(EXERCISE REQUIREMENTS) Print the records below exactly, omitting all pictures.

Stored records
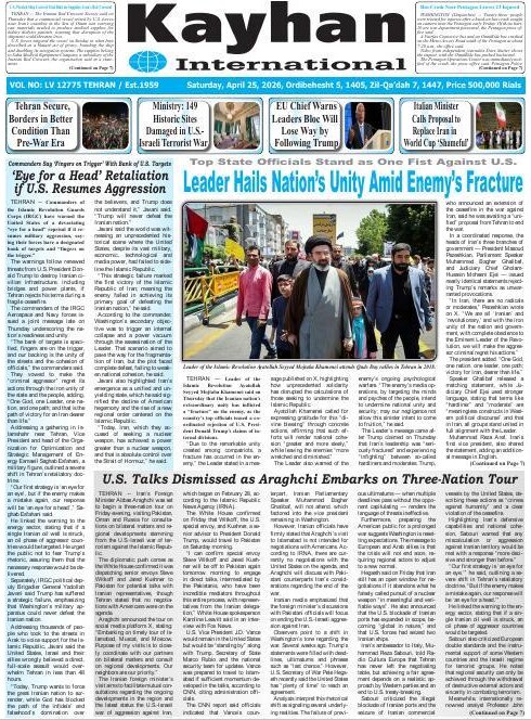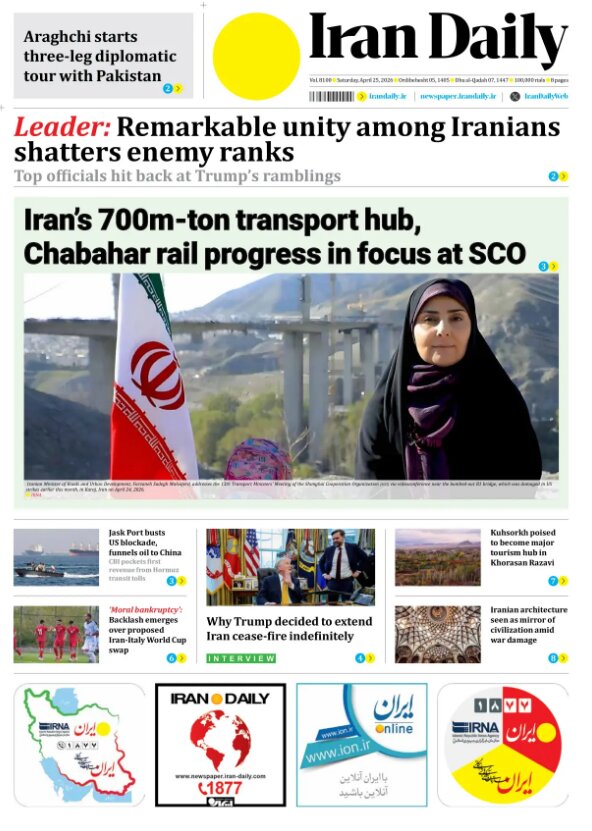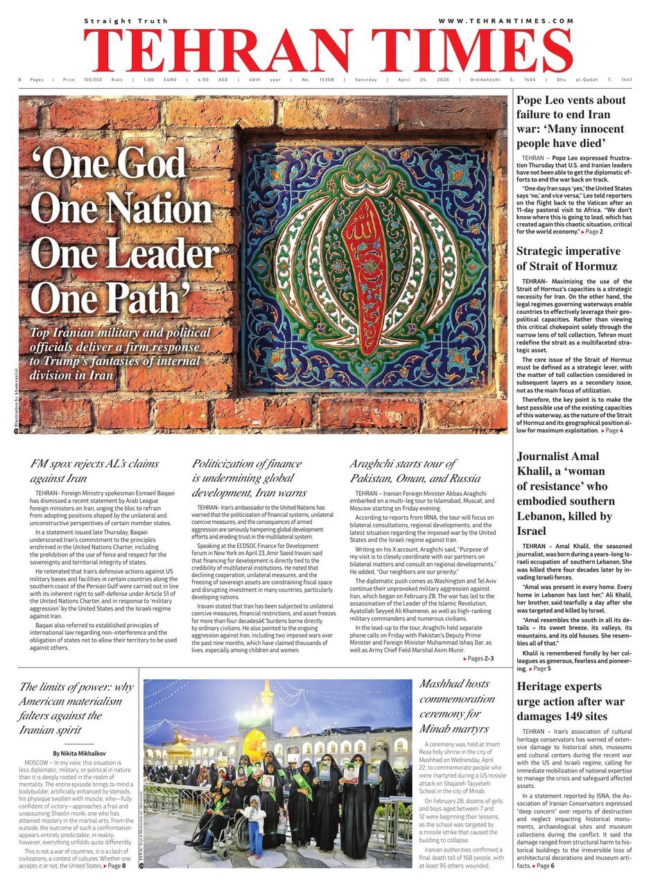 Politics 25 April 2026 - 06:35 Download photos Front pages of Iran’s English dailies on April 25 TEHRAN, Apr. 25 (MNA) – Here are the front pages of Iran’s English dailies on Saturday, April 25. Tags Iran Iran International Dailies Iranian Newspapers
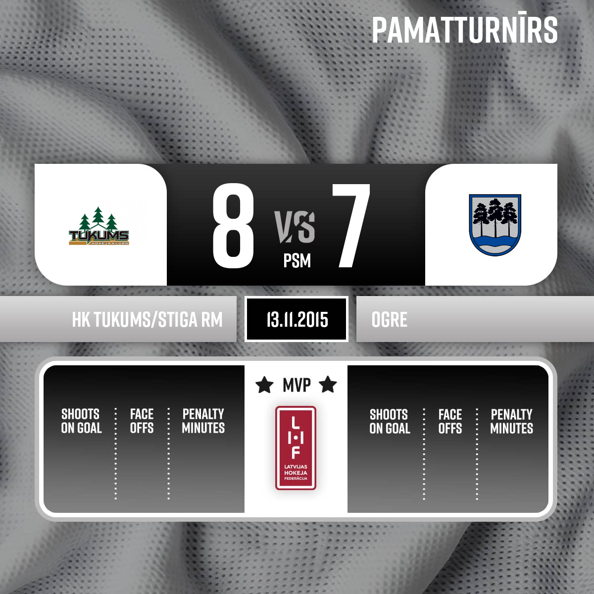Goal#81 Kristaps JAUNOZOLIŅŠAssist: #90 Kristaps LEGZDIŅŠ - 00:00P1Spēli tiesā: Galvenie tiesneši - Agris Saņikovs, Ēriks Kanbergs
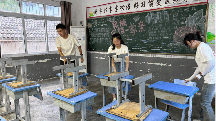 筹备工作是顺利开班的基础,7月3日上午,鹿鸣书声志愿服务队为确保每个环节落实到位,在现有工作的基础上,再梳理、再排查、再完善。队长吴远斌要求队员们要聚焦制度规范、安全排查和课程设计,严格落实家长接送制、场地保险及安全责任书签订,并将安全教育列为“第一课”。为了提供一个良好的教学环境和氛围,队员们在正式教学开课前,多次调试多媒体设备,整理检查每一张课桌椅,擦去灰尘、调整平衡。
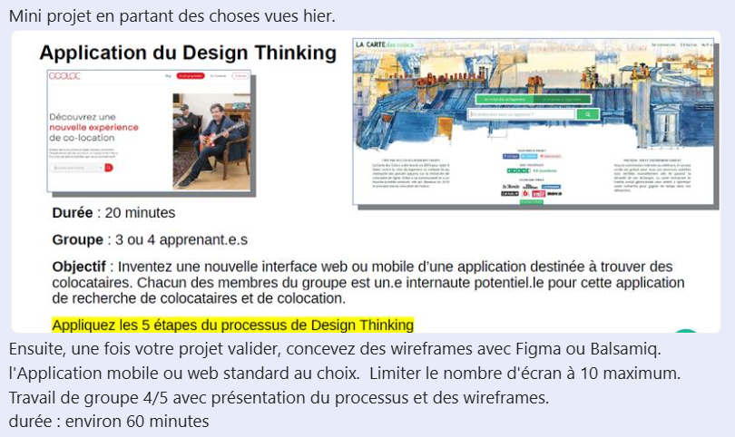 Ici, vous avez 1/2 journée pour travailler sur l’un des 5 projets proposés hier.
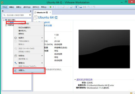 2.打开虚拟机,找到unbutu,右键“设置”,如图所示。

(WRITTEN RESPONSE)
 Politics 25 April 2026 - 06:35 Download photos Front pages of Iran’s English dailies on April 25 TEHRAN, Apr. 25 (MNA) – Here are the front pages of Iran’s English dailies on Saturday, April 25. Tags Iran Iran International Dailies Iranian Newspapers
Goal#81 Kristaps JAUNOZOLIŅŠAssist: #90 Kristaps LEGZDIŅŠ - 00:00P1Spēli tiesā: Galvenie tiesneši - Agris Saņikovs, Ēriks Kanbergs
 筹备工作是顺利开班的基础,7月3日上午,鹿鸣书声志愿服务队为确保每个环节落实到位,在现有工作的基础上,再梳理、再排查、再完善。队长吴远斌要求队员们要聚焦制度规范、安全排查和课程设计,严格落实家长接送制、场地保险及安全责任书签订,并将安全教育列为“第一课”。为了提供一个良好的教学环境和氛围,队员们在正式教学开课前,多次调试多媒体设备,整理检查每一张课桌椅,擦去灰尘、调整平衡。
 Ici, vous avez 1/2 journée pour travailler sur l’un des 5 projets proposés hier.
 2.打开虚拟机,找到unbutu,右键“设置”,如图所示。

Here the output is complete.